*** Opening RAW DATA ***

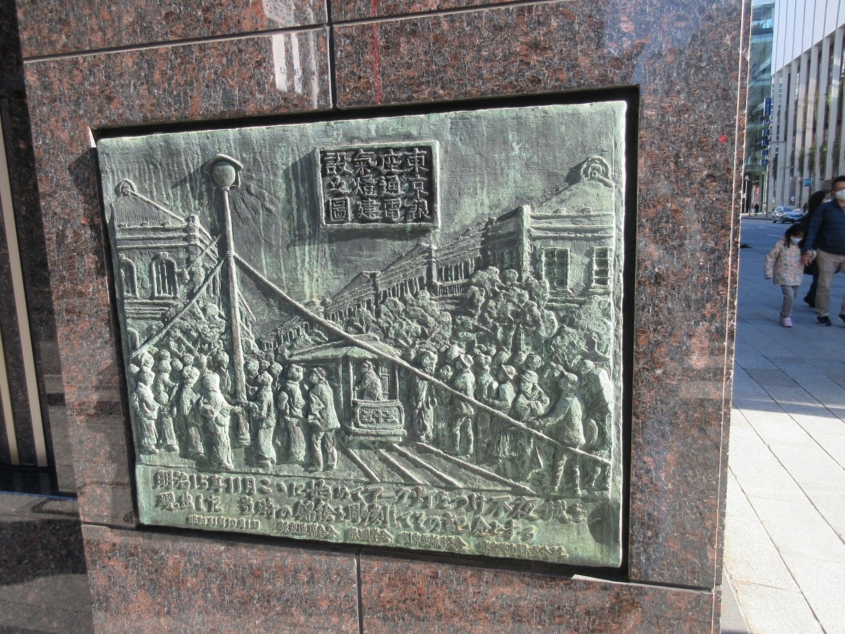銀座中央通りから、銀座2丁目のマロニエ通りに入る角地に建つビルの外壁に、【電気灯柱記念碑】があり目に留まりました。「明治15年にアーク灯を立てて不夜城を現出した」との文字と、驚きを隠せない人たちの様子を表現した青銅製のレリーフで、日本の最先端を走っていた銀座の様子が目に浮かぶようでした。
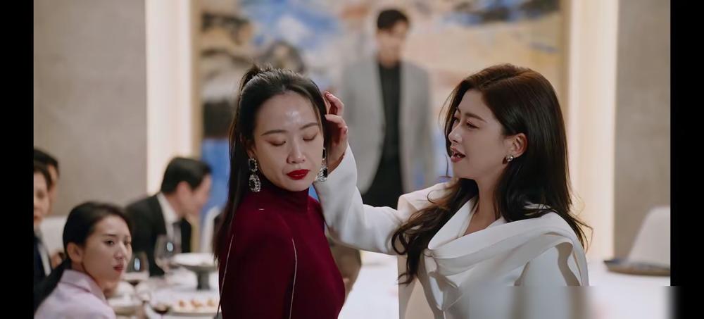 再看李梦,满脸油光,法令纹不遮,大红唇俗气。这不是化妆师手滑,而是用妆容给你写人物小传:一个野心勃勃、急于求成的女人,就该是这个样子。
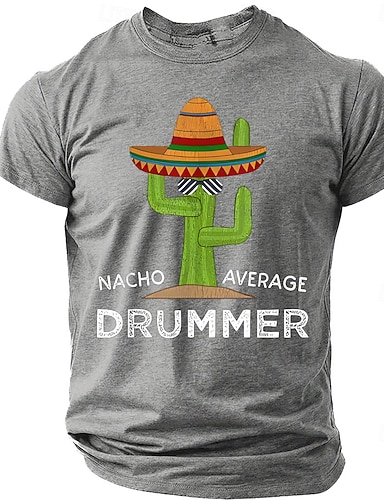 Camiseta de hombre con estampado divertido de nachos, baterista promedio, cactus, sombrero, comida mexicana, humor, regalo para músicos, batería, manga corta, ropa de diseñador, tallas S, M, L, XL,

*** Closing RAW DATA ***

> **TASK DESCRIPTION**
Find the line containing "再看李梦,满脸油光,法令纹不", then extract it and every line after it to the end of the data above, exactly and nothing else, without pictures.

> **ANSWER TO THE EXERCISE**
 再看李梦,满脸油光,法令纹不遮,大红唇俗气。这不是化妆师手滑,而是用妆容给你写人物小传:一个野心勃勃、急于求成的女人,就该是这个样子。
 Camiseta de hombre con estampado divertido de nachos, baterista promedio, cactus, sombrero, comida mexicana, humor, regalo para músicos, batería, manga corta, ropa de diseñador, tallas S, M, L, XL,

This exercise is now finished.